Description of problem: Attackers can force switch all the REST APIs(https://<host_ip>/api) from HTTPS into HTTP, so attackers can induce the victim user using crafted html page for eavesdropping user credentials like authorization token. Version-Release number of selected component (if applicable): oVirt 3.4.0-5 beta3 How reproducible: 100% Steps to Reproduce: 1. Open http://<host_ip>/api in browser Actual results: Browser successfully opens the page Expected results: Should force switch to https://<host_ip>/api Additional info:
This was kept for backward compatibility as HTTP redirect is not mandatory in Rest API. It is up to the 3rd party to select the channel to use.

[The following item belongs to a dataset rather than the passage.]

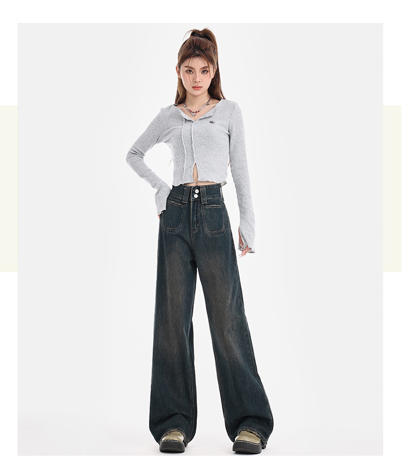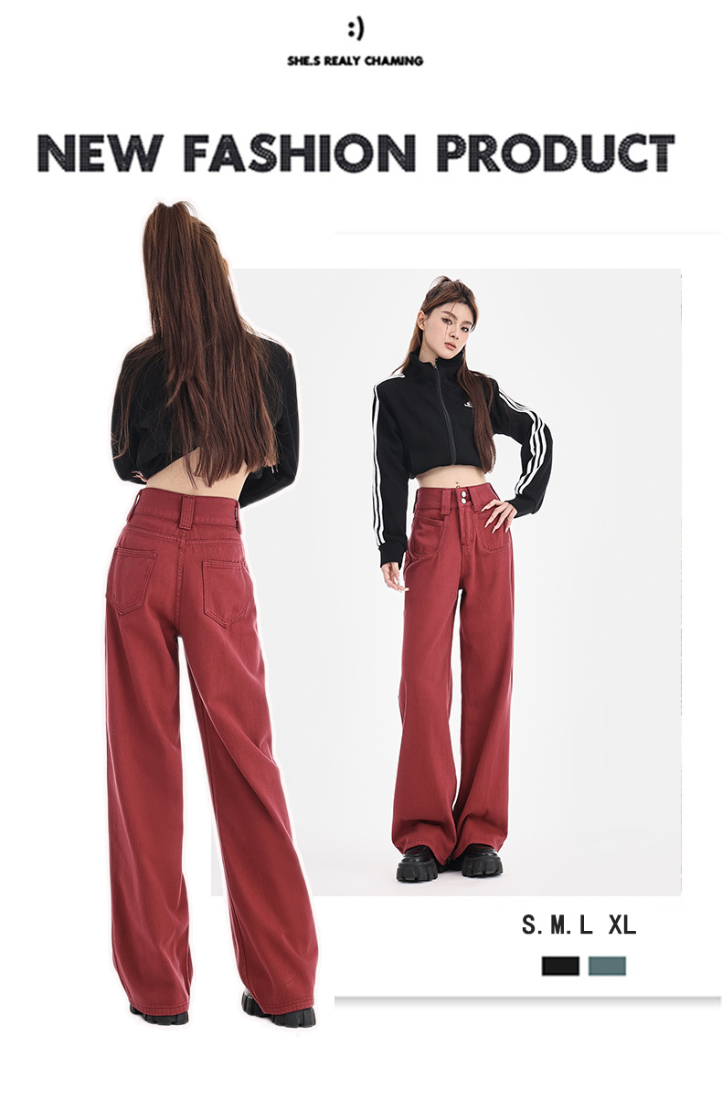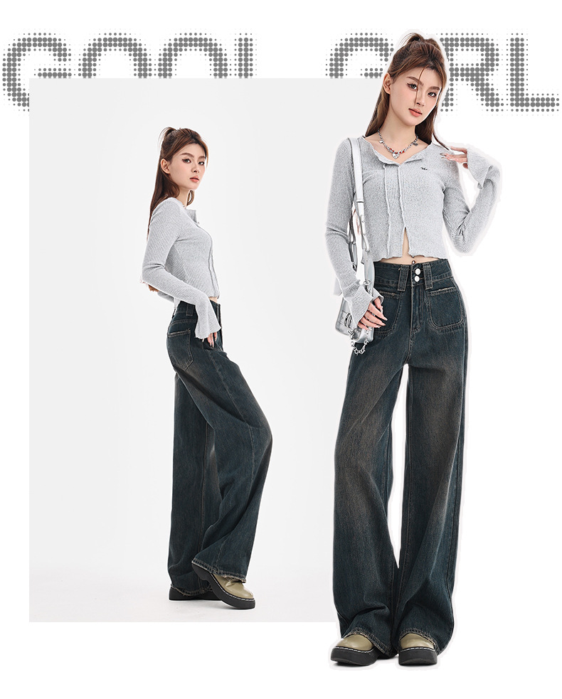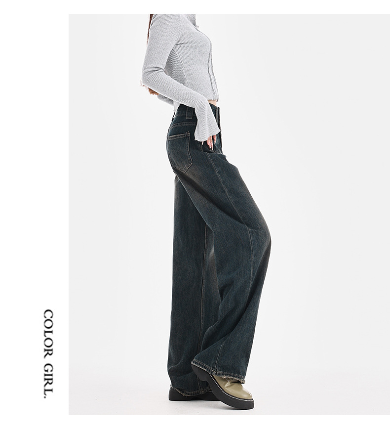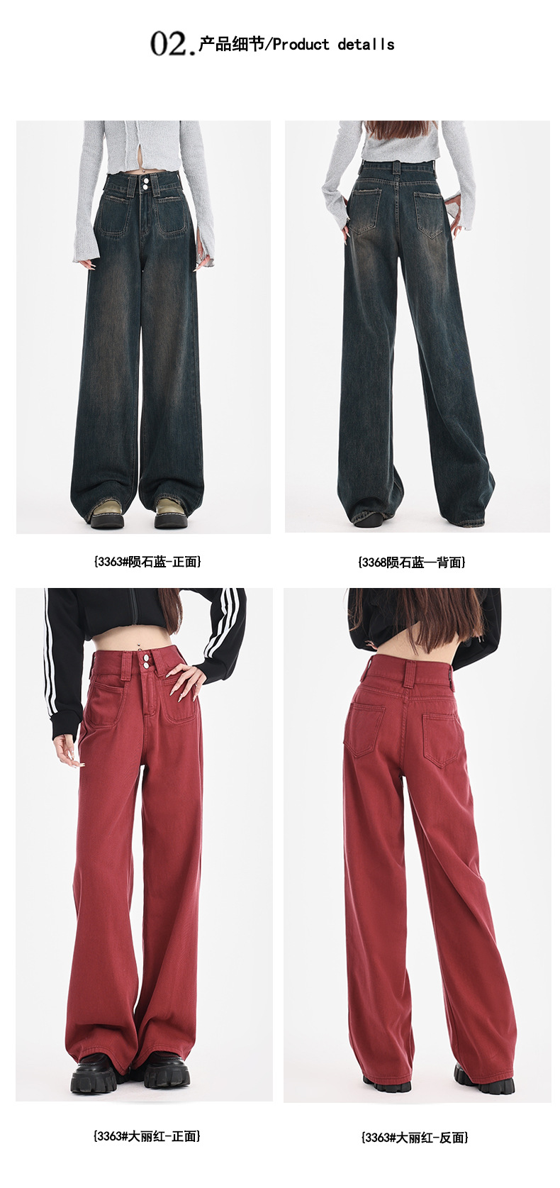 [리얼샷] 가을 2023 년 새 스트레이트 하이웨이스트 청바지 여성 루즈패션 올매치 드레이깅 바지스토어 가기

What backwards compatibility? The previous version didn't accept non encrypted connections.
(In reply to Juan Hernández from comment #2) > What backwards compatibility? The previous version didn't accept non > encrypted connections. Correct. My bad[1] Was confused with other application. [1] http://gerrit.ovirt.org/#/c/6827/
Sandro, I think that 3.4.0 shouldn't be released without the fix for this bug.
Can we make this bug public, please?
Removing restriction as impact is not that high.
SRT Note: this is a security hardening issue and not a security vulnerability, so no CVE/etc.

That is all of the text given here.